[Start of Attachment]
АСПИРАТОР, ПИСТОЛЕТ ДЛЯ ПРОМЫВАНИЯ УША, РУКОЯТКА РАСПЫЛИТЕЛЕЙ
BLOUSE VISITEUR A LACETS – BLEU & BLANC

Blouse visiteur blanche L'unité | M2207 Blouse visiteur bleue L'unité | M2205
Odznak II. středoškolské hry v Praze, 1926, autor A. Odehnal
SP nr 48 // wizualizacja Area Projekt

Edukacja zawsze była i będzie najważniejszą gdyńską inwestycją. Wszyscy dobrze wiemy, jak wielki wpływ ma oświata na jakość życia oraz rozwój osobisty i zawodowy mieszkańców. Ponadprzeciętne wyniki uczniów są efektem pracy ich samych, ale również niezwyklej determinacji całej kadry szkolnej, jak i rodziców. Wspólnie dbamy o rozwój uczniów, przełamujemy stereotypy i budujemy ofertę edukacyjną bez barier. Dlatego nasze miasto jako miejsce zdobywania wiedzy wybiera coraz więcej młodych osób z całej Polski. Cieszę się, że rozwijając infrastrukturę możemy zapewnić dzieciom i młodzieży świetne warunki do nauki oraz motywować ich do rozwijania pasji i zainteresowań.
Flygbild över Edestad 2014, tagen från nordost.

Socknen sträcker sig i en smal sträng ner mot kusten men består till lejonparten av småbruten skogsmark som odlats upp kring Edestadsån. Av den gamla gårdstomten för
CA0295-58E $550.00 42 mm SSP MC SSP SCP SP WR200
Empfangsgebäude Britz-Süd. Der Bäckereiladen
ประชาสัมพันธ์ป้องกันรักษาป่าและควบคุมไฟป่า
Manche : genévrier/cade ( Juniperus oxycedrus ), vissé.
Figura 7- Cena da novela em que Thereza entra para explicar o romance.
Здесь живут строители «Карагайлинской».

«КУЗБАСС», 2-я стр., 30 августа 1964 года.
[End of Attachment]
[Start of Attachment]
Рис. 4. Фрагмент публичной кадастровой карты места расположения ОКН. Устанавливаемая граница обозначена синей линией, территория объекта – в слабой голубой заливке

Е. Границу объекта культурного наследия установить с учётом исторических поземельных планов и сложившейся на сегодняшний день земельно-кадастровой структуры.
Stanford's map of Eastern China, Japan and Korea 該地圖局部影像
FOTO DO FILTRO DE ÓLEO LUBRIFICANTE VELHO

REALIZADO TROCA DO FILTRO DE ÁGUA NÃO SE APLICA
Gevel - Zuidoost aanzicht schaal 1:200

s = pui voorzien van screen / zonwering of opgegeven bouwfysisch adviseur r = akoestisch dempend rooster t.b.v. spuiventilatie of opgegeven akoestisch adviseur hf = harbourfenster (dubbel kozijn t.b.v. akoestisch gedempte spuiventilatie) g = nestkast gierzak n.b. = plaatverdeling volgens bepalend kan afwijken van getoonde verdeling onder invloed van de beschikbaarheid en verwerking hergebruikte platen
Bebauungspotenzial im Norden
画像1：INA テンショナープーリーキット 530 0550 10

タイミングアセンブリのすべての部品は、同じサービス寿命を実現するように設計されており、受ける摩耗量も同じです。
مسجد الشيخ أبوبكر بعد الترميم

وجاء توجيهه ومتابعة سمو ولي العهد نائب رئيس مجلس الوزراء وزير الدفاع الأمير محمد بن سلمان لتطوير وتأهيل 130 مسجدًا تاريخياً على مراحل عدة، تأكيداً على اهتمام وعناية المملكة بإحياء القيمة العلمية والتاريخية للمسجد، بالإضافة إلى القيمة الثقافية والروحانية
[End of Attachment]
Show each line of the material where the word "مسجد" occurs.

• RESULT OF THE EXERCISE
مسجد الشيخ أبوبكر بعد الترميم
وجاء توجيهه ومتابعة سمو ولي العهد نائب رئيس مجلس الوزراء وزير الدفاع الأمير محمد بن سلمان لتطوير وتأهيل 130 مسجدًا تاريخياً على مراحل عدة، تأكيداً على اهتمام وعناية المملكة بإحياء القيمة العلمية والتاريخية للمسجد، بالإضافة إلى القيمة الثقافية والروحانية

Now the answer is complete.